Recent “sweeps” of the genome across human populations show that hundreds of genes have been changing during the last 5-10 millennia in response to local selection pressures. (See papers by Benjamin Voight, Scott Williamson, and Bruce Lahn). No new mental modules can be created from scratch in a few millennia, but slight tweaks to existing mechanisms can happen quickly, and small genetic changes can have big behavioral effects, as with those Russian foxes. We must therefore begin looking beyond the Pleistocene and turn our attention to the Holocene era as well – the last 10,000 years. This was the period after the spread of agriculture during which the pace of genetic change sped up in response to the enormous increase in the variety of ways that humans earned their living, formed larger coalitions, fought wars, and competed for resources and mates.

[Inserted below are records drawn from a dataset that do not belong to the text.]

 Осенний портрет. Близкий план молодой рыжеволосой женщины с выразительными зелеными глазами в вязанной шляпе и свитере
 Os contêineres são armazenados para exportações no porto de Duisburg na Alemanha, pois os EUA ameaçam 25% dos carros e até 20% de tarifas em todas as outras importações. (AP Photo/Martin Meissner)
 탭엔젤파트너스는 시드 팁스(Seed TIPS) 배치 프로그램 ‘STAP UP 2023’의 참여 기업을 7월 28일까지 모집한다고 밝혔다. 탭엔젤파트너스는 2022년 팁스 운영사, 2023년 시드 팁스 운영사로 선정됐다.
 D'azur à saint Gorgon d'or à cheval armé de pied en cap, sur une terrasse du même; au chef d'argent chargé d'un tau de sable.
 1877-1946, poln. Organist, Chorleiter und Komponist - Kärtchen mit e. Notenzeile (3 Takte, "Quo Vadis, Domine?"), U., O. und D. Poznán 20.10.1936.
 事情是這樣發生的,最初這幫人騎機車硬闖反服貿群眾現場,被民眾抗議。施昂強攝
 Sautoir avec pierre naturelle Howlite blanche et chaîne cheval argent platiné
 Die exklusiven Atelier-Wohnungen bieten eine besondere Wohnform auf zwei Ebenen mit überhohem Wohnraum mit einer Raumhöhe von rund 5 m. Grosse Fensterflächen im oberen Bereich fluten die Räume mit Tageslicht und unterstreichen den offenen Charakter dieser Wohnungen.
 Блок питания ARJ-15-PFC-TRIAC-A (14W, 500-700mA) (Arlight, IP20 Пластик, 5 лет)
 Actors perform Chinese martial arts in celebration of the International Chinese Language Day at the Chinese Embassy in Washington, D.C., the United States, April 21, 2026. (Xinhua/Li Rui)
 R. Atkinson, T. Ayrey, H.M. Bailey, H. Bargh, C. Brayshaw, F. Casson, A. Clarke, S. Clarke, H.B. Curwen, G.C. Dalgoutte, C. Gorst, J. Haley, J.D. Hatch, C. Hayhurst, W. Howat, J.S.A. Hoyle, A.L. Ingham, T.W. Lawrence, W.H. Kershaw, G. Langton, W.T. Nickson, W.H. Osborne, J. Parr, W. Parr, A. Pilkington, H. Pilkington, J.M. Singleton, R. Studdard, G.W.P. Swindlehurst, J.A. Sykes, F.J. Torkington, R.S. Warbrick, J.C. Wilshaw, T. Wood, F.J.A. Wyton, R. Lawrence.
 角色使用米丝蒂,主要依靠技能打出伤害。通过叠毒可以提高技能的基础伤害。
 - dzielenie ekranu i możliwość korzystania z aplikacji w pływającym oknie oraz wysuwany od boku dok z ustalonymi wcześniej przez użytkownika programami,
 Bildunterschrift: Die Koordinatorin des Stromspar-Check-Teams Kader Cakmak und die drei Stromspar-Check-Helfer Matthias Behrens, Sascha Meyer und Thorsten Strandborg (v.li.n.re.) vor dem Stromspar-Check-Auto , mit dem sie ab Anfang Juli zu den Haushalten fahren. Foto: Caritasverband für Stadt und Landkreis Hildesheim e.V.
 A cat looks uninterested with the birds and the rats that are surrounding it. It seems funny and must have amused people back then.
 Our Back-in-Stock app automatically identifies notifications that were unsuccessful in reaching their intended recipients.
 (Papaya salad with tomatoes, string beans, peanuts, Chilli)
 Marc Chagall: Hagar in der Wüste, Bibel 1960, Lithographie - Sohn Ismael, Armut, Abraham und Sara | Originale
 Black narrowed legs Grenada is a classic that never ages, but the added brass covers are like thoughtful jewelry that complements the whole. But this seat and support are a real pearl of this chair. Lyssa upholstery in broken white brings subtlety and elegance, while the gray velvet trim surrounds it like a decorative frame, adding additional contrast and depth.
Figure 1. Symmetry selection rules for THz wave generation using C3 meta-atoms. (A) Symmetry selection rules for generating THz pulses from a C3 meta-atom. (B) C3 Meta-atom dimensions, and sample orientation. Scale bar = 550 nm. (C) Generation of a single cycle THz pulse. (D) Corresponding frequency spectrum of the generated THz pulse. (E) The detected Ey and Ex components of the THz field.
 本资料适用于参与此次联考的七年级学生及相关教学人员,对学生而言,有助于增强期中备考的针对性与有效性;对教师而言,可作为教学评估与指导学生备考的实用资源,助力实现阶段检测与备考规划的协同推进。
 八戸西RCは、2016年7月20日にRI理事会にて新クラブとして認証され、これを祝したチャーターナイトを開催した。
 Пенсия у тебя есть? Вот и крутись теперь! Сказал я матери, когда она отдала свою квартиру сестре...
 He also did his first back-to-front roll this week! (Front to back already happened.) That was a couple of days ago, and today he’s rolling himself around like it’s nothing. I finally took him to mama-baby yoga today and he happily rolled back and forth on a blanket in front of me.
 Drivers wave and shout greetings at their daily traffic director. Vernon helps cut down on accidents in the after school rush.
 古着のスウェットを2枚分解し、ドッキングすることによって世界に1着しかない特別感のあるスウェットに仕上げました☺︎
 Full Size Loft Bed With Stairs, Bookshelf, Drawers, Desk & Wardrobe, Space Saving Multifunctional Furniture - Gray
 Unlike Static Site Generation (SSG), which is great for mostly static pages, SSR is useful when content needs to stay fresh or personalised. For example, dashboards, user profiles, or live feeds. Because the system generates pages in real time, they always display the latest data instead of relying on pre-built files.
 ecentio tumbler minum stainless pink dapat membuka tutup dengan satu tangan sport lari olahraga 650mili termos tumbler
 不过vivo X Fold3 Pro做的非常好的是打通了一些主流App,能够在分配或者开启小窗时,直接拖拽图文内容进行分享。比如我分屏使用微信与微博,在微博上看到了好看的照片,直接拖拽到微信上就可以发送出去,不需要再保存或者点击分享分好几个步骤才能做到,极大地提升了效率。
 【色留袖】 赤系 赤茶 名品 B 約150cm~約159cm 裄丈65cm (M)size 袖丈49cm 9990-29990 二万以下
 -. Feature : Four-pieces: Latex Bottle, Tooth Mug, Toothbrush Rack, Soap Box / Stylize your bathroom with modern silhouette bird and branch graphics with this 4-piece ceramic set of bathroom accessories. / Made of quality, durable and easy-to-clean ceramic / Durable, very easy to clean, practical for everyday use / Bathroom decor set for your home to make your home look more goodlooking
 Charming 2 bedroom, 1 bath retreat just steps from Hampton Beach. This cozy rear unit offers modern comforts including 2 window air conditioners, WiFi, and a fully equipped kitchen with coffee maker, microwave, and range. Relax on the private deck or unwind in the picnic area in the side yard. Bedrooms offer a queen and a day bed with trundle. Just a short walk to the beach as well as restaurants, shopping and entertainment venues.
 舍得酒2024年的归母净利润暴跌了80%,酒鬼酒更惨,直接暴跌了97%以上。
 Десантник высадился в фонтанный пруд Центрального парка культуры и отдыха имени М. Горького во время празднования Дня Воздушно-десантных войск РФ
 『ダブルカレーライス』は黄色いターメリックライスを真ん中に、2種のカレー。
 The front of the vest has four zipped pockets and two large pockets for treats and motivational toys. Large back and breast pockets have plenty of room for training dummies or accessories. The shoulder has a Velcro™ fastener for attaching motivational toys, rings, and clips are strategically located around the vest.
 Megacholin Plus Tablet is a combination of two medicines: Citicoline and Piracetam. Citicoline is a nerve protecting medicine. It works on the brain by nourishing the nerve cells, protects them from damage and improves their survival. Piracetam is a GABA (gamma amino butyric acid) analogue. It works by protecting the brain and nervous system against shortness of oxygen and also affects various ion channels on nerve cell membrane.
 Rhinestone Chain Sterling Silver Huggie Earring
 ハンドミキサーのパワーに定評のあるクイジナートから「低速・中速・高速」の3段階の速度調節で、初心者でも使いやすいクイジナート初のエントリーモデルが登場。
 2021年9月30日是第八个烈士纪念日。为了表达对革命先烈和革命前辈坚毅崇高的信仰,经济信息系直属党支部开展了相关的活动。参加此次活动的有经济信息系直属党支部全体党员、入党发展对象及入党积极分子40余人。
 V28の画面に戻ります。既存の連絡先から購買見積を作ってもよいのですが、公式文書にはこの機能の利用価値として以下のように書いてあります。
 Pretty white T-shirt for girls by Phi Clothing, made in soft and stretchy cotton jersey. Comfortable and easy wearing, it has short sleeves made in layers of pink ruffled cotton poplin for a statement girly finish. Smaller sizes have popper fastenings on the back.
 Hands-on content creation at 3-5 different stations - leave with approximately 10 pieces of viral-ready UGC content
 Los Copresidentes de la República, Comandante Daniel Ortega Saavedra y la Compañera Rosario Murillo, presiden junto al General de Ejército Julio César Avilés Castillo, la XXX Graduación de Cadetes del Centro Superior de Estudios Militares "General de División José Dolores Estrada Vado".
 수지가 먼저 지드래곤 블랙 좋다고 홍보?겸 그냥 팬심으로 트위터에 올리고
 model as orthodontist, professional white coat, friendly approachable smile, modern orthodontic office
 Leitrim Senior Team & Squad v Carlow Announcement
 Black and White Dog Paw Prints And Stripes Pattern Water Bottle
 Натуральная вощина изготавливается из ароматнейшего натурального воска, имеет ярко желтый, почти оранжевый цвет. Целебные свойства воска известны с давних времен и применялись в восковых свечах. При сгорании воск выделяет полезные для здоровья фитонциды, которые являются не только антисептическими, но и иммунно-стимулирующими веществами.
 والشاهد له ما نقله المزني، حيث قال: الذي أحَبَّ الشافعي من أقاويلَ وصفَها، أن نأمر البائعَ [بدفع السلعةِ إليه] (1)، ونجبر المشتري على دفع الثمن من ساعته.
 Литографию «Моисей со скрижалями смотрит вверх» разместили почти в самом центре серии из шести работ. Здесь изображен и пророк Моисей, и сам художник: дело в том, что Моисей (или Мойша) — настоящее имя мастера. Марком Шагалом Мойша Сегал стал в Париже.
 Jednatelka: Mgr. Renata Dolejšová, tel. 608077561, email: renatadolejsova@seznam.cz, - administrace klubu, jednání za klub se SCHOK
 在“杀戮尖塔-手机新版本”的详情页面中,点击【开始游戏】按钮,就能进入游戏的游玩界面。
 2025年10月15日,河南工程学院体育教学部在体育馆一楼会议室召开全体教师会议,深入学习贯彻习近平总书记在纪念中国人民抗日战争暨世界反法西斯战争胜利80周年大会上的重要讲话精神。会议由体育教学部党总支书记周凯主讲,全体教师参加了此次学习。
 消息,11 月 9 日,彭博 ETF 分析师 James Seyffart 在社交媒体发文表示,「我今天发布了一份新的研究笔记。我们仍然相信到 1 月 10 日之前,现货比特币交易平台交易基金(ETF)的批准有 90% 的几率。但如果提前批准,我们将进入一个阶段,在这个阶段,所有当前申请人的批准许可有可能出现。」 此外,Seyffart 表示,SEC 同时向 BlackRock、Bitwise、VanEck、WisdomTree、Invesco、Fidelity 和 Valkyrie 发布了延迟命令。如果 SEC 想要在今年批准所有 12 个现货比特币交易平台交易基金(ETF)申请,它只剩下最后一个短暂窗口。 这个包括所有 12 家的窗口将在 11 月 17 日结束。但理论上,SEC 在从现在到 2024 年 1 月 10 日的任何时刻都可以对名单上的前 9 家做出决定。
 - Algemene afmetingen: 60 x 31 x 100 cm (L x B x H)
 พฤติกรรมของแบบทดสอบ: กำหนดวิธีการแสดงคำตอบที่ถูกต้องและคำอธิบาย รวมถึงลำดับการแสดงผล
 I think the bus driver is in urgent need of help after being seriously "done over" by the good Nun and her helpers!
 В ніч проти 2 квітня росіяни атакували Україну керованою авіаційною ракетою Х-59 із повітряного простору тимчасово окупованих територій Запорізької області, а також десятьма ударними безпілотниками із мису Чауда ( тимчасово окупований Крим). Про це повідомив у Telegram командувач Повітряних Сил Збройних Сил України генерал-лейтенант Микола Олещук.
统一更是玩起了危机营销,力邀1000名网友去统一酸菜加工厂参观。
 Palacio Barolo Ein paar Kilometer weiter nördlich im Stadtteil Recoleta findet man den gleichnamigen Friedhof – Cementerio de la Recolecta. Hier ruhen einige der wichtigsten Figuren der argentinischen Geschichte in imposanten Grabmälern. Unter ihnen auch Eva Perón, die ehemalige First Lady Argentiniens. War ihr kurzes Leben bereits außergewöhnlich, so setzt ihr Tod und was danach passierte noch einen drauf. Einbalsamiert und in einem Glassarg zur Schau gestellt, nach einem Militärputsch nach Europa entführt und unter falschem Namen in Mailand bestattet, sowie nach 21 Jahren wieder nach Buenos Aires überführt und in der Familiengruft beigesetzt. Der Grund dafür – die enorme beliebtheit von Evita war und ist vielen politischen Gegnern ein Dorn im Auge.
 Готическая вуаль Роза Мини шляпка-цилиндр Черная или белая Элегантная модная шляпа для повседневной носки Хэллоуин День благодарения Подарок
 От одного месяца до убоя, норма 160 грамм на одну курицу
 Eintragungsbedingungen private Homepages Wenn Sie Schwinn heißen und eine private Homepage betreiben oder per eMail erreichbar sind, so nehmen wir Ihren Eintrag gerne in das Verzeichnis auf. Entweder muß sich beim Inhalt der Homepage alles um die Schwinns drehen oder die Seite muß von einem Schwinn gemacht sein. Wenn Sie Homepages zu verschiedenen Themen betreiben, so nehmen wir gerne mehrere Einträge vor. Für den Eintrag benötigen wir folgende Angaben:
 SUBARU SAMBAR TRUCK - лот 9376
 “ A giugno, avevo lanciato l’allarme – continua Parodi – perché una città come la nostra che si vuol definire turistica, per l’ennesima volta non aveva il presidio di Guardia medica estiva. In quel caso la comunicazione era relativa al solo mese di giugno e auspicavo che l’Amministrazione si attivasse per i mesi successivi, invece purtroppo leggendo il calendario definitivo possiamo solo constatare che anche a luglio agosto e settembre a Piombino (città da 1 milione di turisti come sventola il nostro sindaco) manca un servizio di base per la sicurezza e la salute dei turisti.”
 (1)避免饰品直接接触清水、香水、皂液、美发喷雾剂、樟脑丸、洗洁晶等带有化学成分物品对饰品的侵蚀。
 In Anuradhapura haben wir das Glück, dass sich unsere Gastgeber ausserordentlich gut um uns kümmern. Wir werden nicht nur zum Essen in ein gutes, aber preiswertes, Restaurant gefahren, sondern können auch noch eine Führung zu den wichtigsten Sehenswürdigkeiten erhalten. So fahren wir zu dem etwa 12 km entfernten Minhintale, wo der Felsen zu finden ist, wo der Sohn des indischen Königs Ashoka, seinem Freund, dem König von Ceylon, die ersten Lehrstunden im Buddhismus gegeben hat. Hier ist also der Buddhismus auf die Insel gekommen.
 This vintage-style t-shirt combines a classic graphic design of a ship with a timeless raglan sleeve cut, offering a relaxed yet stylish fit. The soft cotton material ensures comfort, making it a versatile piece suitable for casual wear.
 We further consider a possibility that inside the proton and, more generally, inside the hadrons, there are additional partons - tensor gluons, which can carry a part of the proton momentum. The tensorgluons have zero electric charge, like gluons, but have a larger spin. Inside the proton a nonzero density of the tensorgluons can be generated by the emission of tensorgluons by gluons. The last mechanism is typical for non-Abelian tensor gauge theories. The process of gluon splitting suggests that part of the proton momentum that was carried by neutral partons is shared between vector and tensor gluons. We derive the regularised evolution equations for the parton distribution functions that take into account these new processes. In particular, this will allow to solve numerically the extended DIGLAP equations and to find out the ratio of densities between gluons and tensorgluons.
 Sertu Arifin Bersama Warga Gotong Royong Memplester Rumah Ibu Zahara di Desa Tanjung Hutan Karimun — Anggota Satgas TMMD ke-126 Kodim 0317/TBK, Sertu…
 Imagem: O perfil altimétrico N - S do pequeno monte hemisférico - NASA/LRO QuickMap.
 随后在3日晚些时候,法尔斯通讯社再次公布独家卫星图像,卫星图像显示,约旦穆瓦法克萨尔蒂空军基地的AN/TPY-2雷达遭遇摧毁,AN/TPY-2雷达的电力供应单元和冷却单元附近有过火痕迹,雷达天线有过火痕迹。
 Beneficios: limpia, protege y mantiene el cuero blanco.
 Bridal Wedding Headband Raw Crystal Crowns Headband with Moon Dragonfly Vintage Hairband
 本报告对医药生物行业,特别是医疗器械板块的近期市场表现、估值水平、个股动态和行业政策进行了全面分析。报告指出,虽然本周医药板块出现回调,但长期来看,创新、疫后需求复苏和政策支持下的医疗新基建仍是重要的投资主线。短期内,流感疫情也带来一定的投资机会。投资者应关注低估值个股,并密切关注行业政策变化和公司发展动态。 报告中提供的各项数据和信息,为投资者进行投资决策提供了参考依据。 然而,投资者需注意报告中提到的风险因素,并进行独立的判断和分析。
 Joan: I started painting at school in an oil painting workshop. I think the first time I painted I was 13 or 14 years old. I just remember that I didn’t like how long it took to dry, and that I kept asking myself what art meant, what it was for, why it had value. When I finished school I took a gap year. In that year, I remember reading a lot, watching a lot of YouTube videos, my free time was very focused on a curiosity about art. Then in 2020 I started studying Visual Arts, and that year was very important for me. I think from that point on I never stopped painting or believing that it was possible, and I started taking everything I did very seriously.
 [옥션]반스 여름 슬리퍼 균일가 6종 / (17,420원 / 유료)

The protective “wall” is about to come crashing down, and all sorts of uncomfortable claims are going to pour in. Skin color has no moral significance, but traits that led to Darwinian success in one of the many new niches and occupations of Holocene life — traits such as collectivism, clannishness, aggressiveness, docility, or the ability to delay gratification — are often seen as virtues or vices. Virtues are acquired slowly, by practice within a cultural context, but the discovery that there might be ethnically-linked genetic variations in the ease with which people can acquire specific virtues is — and this is my prediction — going to be a “game changing” scientific event. (By “ethnic” I mean any group of people who believe they share common descent, actually do share common descent, and that descent involved at least 500 years of a sustained selection pressure, such as sheep herding, rice farming, exposure to malaria, or a caste-based social order, which favored some heritable behavioral predispositions and not others.)

I believe that the “Bell Curve” wars of the 1990s, over race differences in intelligence, will seem genteel and short-lived compared to the coming arguments over ethnic differences in moralized traits. I predict that this “war” will break out between 2012 and 2017.


Something in me gets queasy when truth and observable knowledge are swept under the rug by social pretense.

I hope he’s right, and that science continues to illuminate humanity from within without bowing to the opinions of humans as they’d like to consider themselves. So far, the record is very mixed.